- Members: Amy Ching-Yan Lam & Jon McCurley
- Years Active: 2006 - 2020
- Known For: Performance, comedy, conceptual art
- Website: www.lifeofacraphead.com

= Life of a Craphead =

Life of a Craphead was a Toronto-based performance artist duo made up of Amy Ching-Yan Lam and Jon McCurley. Lam and McCurley began working together in 2006 as a sketch comedy troupe after meeting at a zine fair. They continued to expand their practice which is noted for experimenting with performance, film, installation, theatre, and sculpture.

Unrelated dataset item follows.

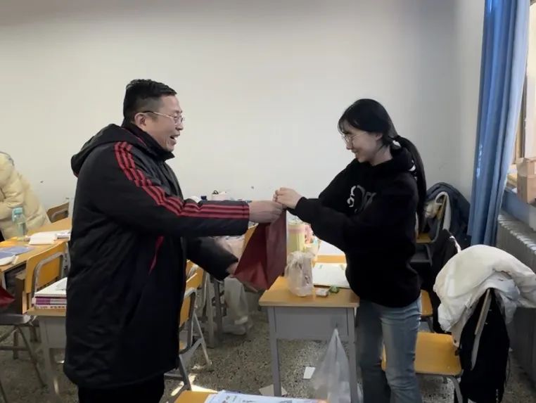 组织了考研送温暖活动。党总支书记段志国老师、副书记罗秀秀老师、副处级组织员鹿金雁老师以及辅导员孙世玉、曹鹤腾、王张翼老师为考研学子送上满满的祝福。
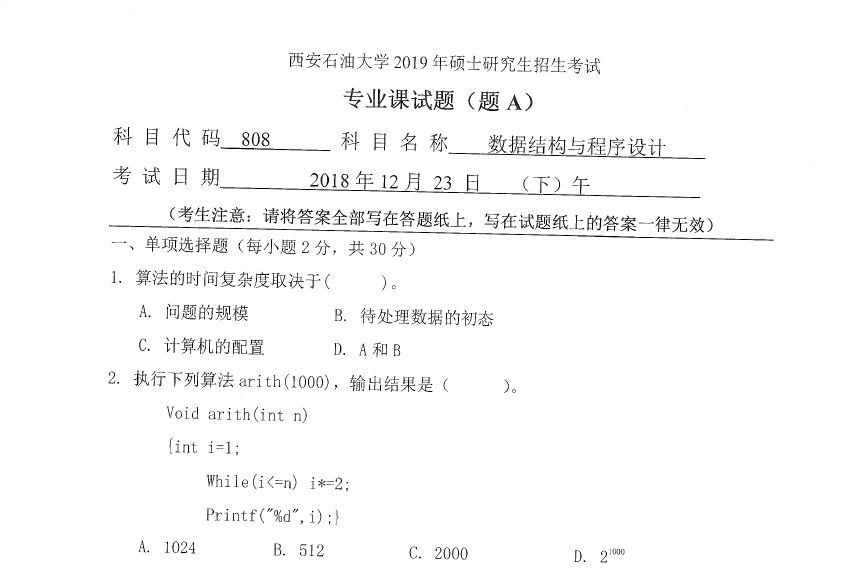 808 数据结构与程序设计(西安石油大学2019年硕士研究生招生考试专业课试题).rar

They have shown widely across Canada, including at the Art Gallery of Ontario, The Power Plant, Gallery TPW, Centre Clark, Dazibao, AKA, Truck Gallery, and the Banff Centre.

Life of a Craphead was the Art Gallery of Ontario's Artist-in-Residence from January to March 2013. In April they were selected to organize and curated an artistic seminar and performance event for Trampoline Hall at the Garrison, Toronto.

Every Sunday from October 29 until November 29, 2017, Life of a Craphead performed King Edward VII Equestrian Statue Floating Down the Don, floating a replica of an equestrian sculpture of King Edward VII down the Don River. The original 15-foot bronze sculpture was erected in India in 1922 to commemorate the Edward VII's reign as emperor. Toronto businessman Harry Jackman paid to have the bronze figure moved to Toronto from India, where it had been placed in storage after the India became independent in 1947. It was installed in Queens Park in 1969.

== Selection of Work ==
Source:
- Entertaining Every Second (2019)
- $100 Bill With South Asian Scientist Added Back In (2019)
- Find the US Soldier Who Killed Your Grandma (2018)
- Angry Edit (2018)
- The Quiet American but Only the Parts Where the White Man Main Character Tells the Asian Woman to Do Stuff for Him (2018)
- King Edward VII Equestrian Statue Floating Down the Don (2017)
- Doored (2012–2017)
- Bugs (2015)
- The Life of a Craphead Fifty Year Retrospective, 2006-2056 (2013)
- Double Double Land (2009)
- Free Lunch (2007)
- Musical Road (2007)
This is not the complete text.